** Activity **
Please reproduce all of the listing below exactly and drop its images.

** Supplied records **
- - - - -
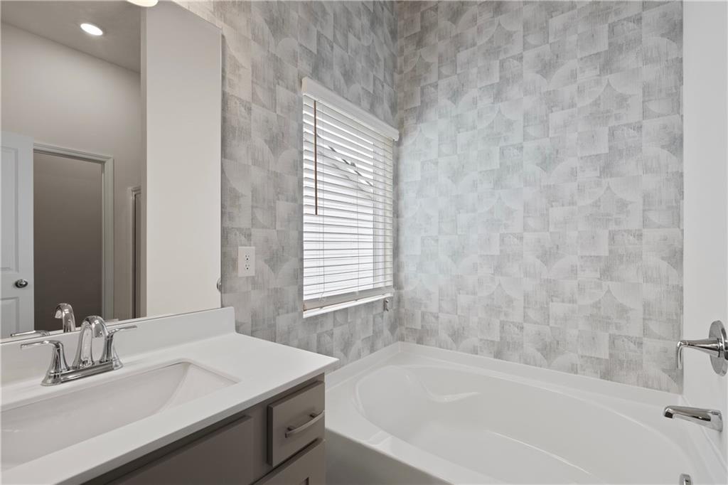 Welcome to the stunning Charleston "D" floorplan-this beautifully designed home offers a modern, open-concept layout with high-end finishes and thoughtful upgrades throughout. Featuring 3 bedrooms and 2.5 bathrooms, this spacious layout provides both comfort and functionality. The gourmet kitchen is a chef's dream, equipped with 42" cabinets with crown molding, granite countertops, and stainless steel appliances including a range, microwave, and dishwasher. Large windows throughout the home fill the space with natural light, creating a warm and inviting atmosphere. A unique lookout window on the front door adds charm and extra functionality. Upstairs, the Owner's Suite boasts tray ceilings, a private bath with a separate shower and soaking tub, and a walk-in closet. It is accompanied by two generously sized secondary bedrooms and a full bathroom. Located in The Retreat at Walden Park, residents enjoy resort-style amenities including a swimming pool, cabana, playground, and dog park. The community is conveniently located near shopping, dining, and major highways (I-75 & I-285), making commuting easy. Renderings may differ from the actual finished product.
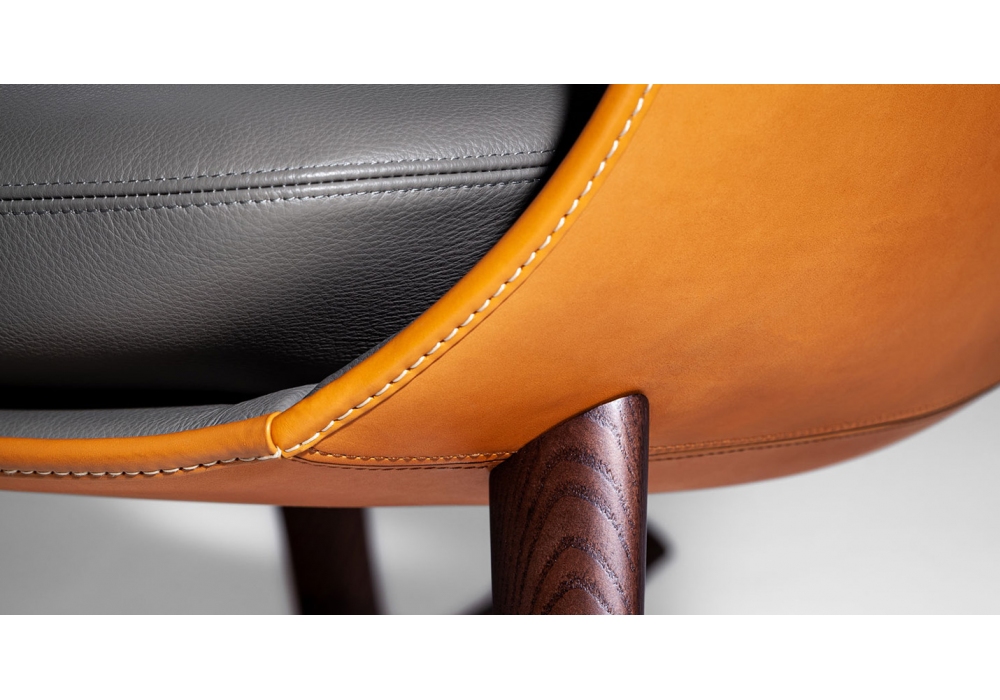Martha firmata da Roberto Lazzeroni per Poltrona Frau è una poltrona a dondolo con scocca in poliuretano rigido stampato. Scocca esterna rivestita in cuoio Saddle Extra, mentre la superficie interna è disponibile in Pelle Frau.
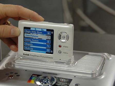 除此之外Kodak还展示了EasyShare Picture Viewer掌上图片浏览器,搭载2英寸20.1万象素液晶显示屏,内置的32MB内存,支持SD/MMC卡,可以直接播放存储卡中的图片,还支持EasyShare dock系列打印机,可以直接将图片输出到PictBridge打印机。
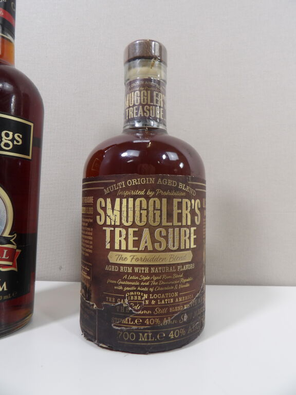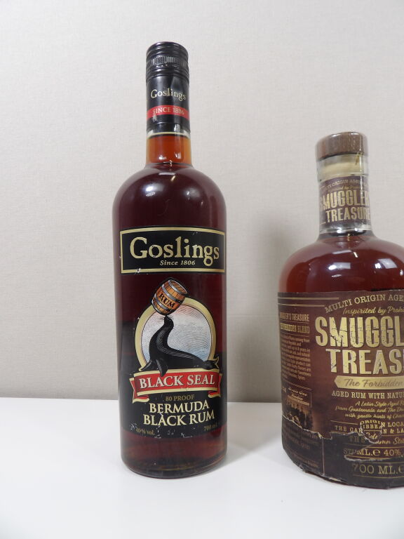 Spiritueux : 2 bouteilles (700 ml) de rhum 1x Goslings Black Seals (rhum des Bermudes, Bahamas) et Smuggler's Treasure (Guatémala et République Dominicaine)
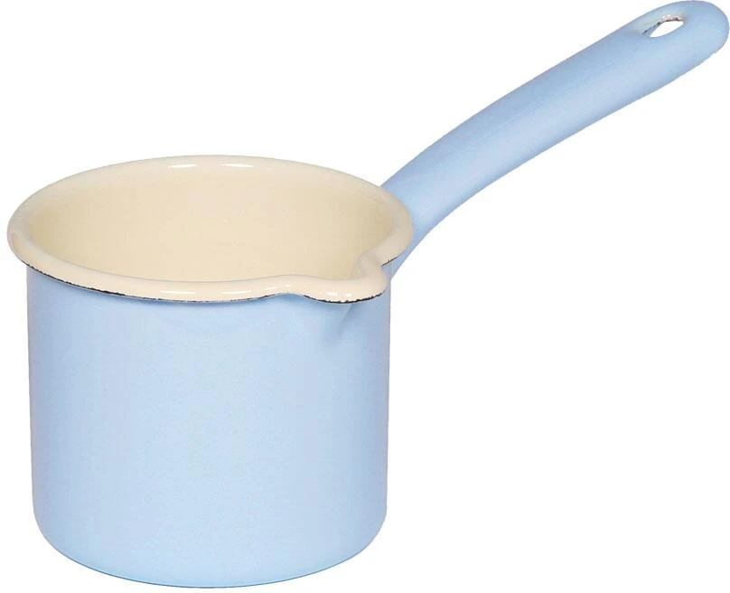 Riess Schnabeltopf mit Stiel aus Emaille in pastell-blau. Der kleine Topf mit Stiel, Bördelrand und Ausguss ist für alle Herdarten inklusive Induktion und Gas sowie für offenes Feuer geeignet.
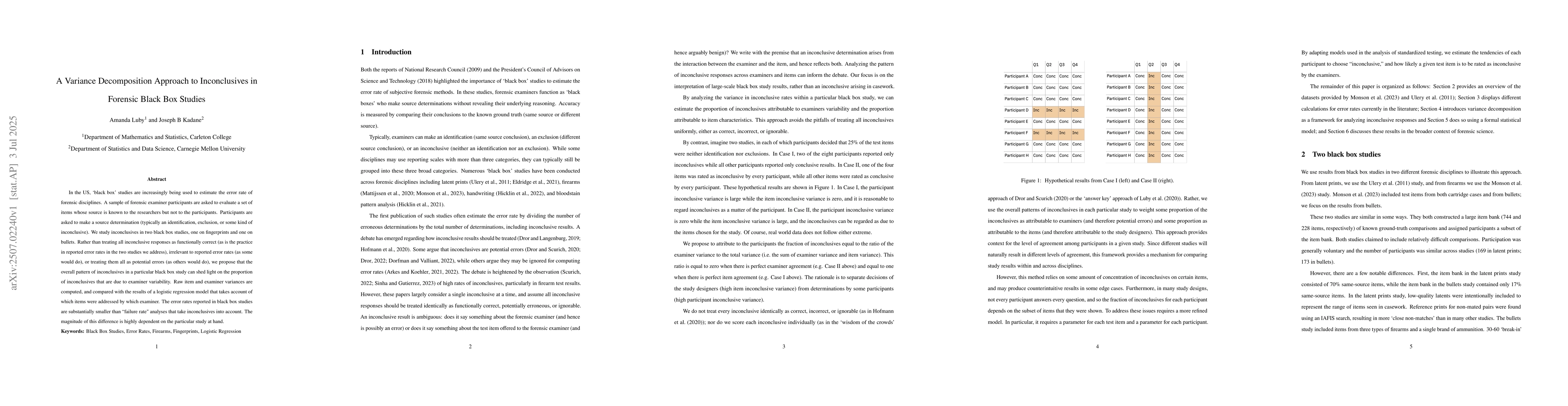 This research proposes a variance decomposition approach to analyze inconclusives in forensic black box studies on fingerprints and bullets. It suggests that the pattern of inconclusives can reveal the proportion due to examiner variability, contrasting with existing methods. The study finds that reported error rates from black box studies are significantly lower than 'failure rate' analyses considering inconclusives, with the difference's magnitude varying per study.
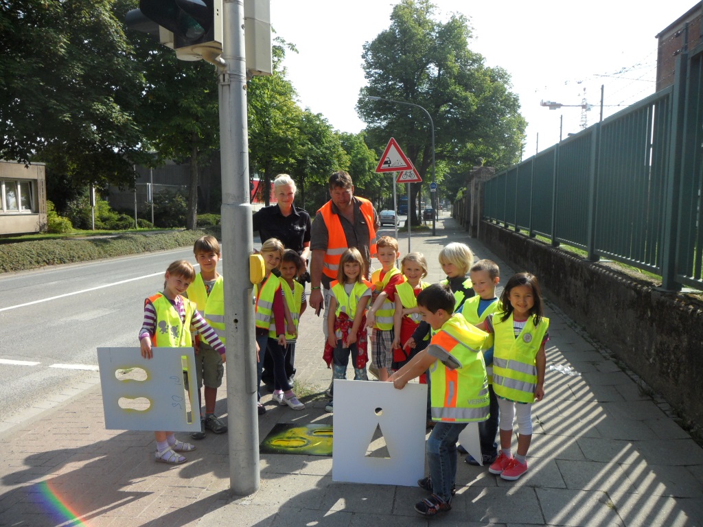 Im Rahmen des Sachunterrichts (Mobilität) werden Schulwege abgegangen und das richtige Verhalten als Fußgänger eingeübt. Auch alle Eltern sollten sich die Zeit nehmen die direkte Umgebung ihres Wohnortes bis zur Schule mit ihren Kindern wiederholt zu erkunden.
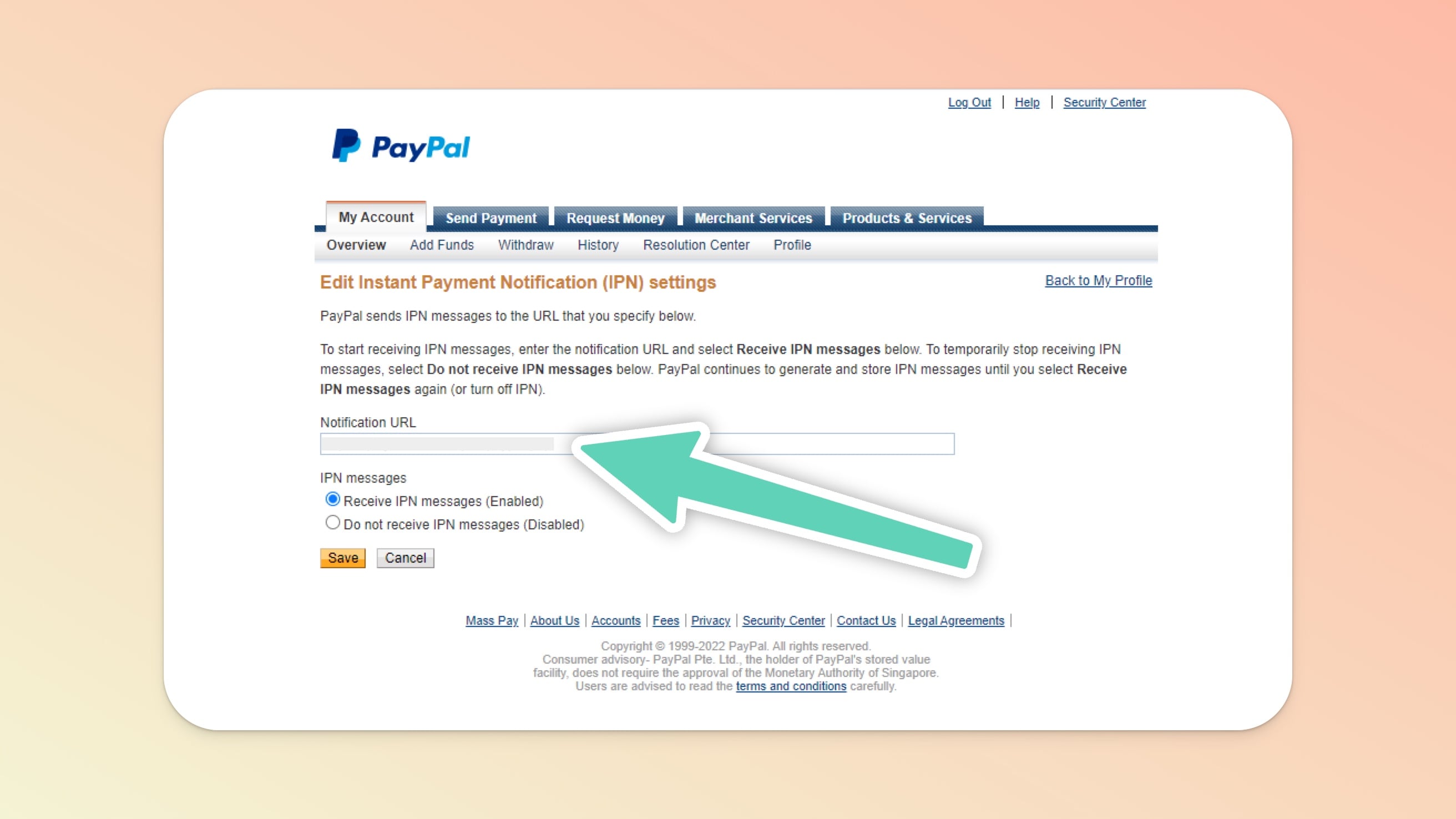 If you cannot find where to add your IPN Notification URL in your PayPal account feel free to Google it (only because PayPal changes the location of this setting from time to time). Once you add this IPN URL you'll continue.
- - - - -
** Task output **
 Welcome to the stunning Charleston "D" floorplan-this beautifully designed home offers a modern, open-concept layout with high-end finishes and thoughtful upgrades throughout. Featuring 3 bedrooms and 2.5 bathrooms, this spacious layout provides both comfort and functionality. The gourmet kitchen is a chef's dream, equipped with 42" cabinets with crown molding, granite countertops, and stainless steel appliances including a range, microwave, and dishwasher. Large windows throughout the home fill the space with natural light, creating a warm and inviting atmosphere. A unique lookout window on the front door adds charm and extra functionality. Upstairs, the Owner's Suite boasts tray ceilings, a private bath with a separate shower and soaking tub, and a walk-in closet. It is accompanied by two generously sized secondary bedrooms and a full bathroom. Located in The Retreat at Walden Park, residents enjoy resort-style amenities including a swimming pool, cabana, playground, and dog park. The community is conveniently located near shopping, dining, and major highways (I-75 & I-285), making commuting easy. Renderings may differ from the actual finished product.
Martha firmata da Roberto Lazzeroni per Poltrona Frau è una poltrona a dondolo con scocca in poliuretano rigido stampato. Scocca esterna rivestita in cuoio Saddle Extra, mentre la superficie interna è disponibile in Pelle Frau.
 除此之外Kodak还展示了EasyShare Picture Viewer掌上图片浏览器,搭载2英寸20.1万象素液晶显示屏,内置的32MB内存,支持SD/MMC卡,可以直接播放存储卡中的图片,还支持EasyShare dock系列打印机,可以直接将图片输出到PictBridge打印机。
 Spiritueux : 2 bouteilles (700 ml) de rhum 1x Goslings Black Seals (rhum des Bermudes, Bahamas) et Smuggler's Treasure (Guatémala et République Dominicaine)
 Riess Schnabeltopf mit Stiel aus Emaille in pastell-blau. Der kleine Topf mit Stiel, Bördelrand und Ausguss ist für alle Herdarten inklusive Induktion und Gas sowie für offenes Feuer geeignet.
 This research proposes a variance decomposition approach to analyze inconclusives in forensic black box studies on fingerprints and bullets. It suggests that the pattern of inconclusives can reveal the proportion due to examiner variability, contrasting with existing methods. The study finds that reported error rates from black box studies are significantly lower than 'failure rate' analyses considering inconclusives, with the difference's magnitude varying per study.
 Im Rahmen des Sachunterrichts (Mobilität) werden Schulwege abgegangen und das richtige Verhalten als Fußgänger eingeübt. Auch alle Eltern sollten sich die Zeit nehmen die direkte Umgebung ihres Wohnortes bis zur Schule mit ihren Kindern wiederholt zu erkunden.
 If you cannot find where to add your IPN Notification URL in your PayPal account feel free to Google it (only because PayPal changes the location of this setting from time to time). Once you add this IPN URL you'll continue.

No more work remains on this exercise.